Medical negligence, said the court, plays its games in strange ways. Sometimes it gifts a poor labourer woman with a female child. And when this happens ‘in a country where the population is increasing by the tick of every second on the clock and the government had taken up family planning as an important programme for the implementation of which it had created mass awakening for the use of various devices including sterilisation operation, the doctor as also the state must be held responsible in damages... (for) failure on account of... negligence... ’ In awarding ‘full damages from the state government to enable (Santra) to bring up the child at least until she attains puberty,’ the court showed a particular sympathy as the ‘unwanted child (girl) born to her has created additional burden for her...’

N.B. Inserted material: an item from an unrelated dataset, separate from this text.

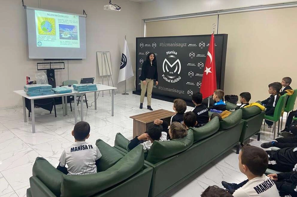 Bu kapsamda Çevre Koruma ve Kontrol Dairesi Başkanlığı, Manisa Futbol Kulübü Akademisi’nde eğitim gören 50 sporcuya çevre bilinci eğitimi verdi.
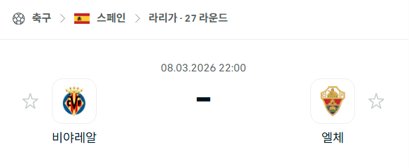 2026년 03월 08일에 열리는 라리가의 비야레알과 엘체의 경기 분석입니다. 이번 경기는 리그 상위권에서 챔피언스리그 진출권을 노리는 비야레알과 강등권 탈출을 위해 사투를 벌이고 있는 엘체의 맞대결입니다. 홈팀 비야레알은 최근 바르셀로나에게 대패하며 주춤했지만 홈에서 압도적인 성적을 거두고 있으며, 원정팀 엘체는 이번 시즌 원정 승리가 단 한 번도 없을 정도로 원정길에서 고전하고 있습니다. 확연한 전력 차이와 상반된 팀 분위기 속에서 펼쳐지는 이번 경기는 두 팀 모두에게 향후 시즌 목표 달성을 위한 중요한 분수령이 될 전망입니다.

This passive acceptance of the rejection of the girl child is a theme not unique to the law. But when laws and court decisions begin to equate the birth of a girl child with the monetary burdening of the parents, it is a question of legitimising this perception of the girl child. When this gets located in the imperatives of population control, the law seems to speak with a forked tongue. And in the telling of Santra’s tale, it is difficult not to notice that it is not medical negligence that acted as a spur on the court; it was the ‘additional burden’ of an ‘unwanted child (girl)’ (emphasis added).

The pragmatism of population control has permitted the reprioritising of many of law’s concerns. The burden rests inordinately on women, in particular the impoverished to whom distributive justice could make a positive difference. The deprioritised concerns of the health and safety of labouring women or of their participation in political power, for instance, have had to move over and make place for (dis)incentive regimes in law, revealing a disjunction between the original purpose of a legislation and the import of its altered text.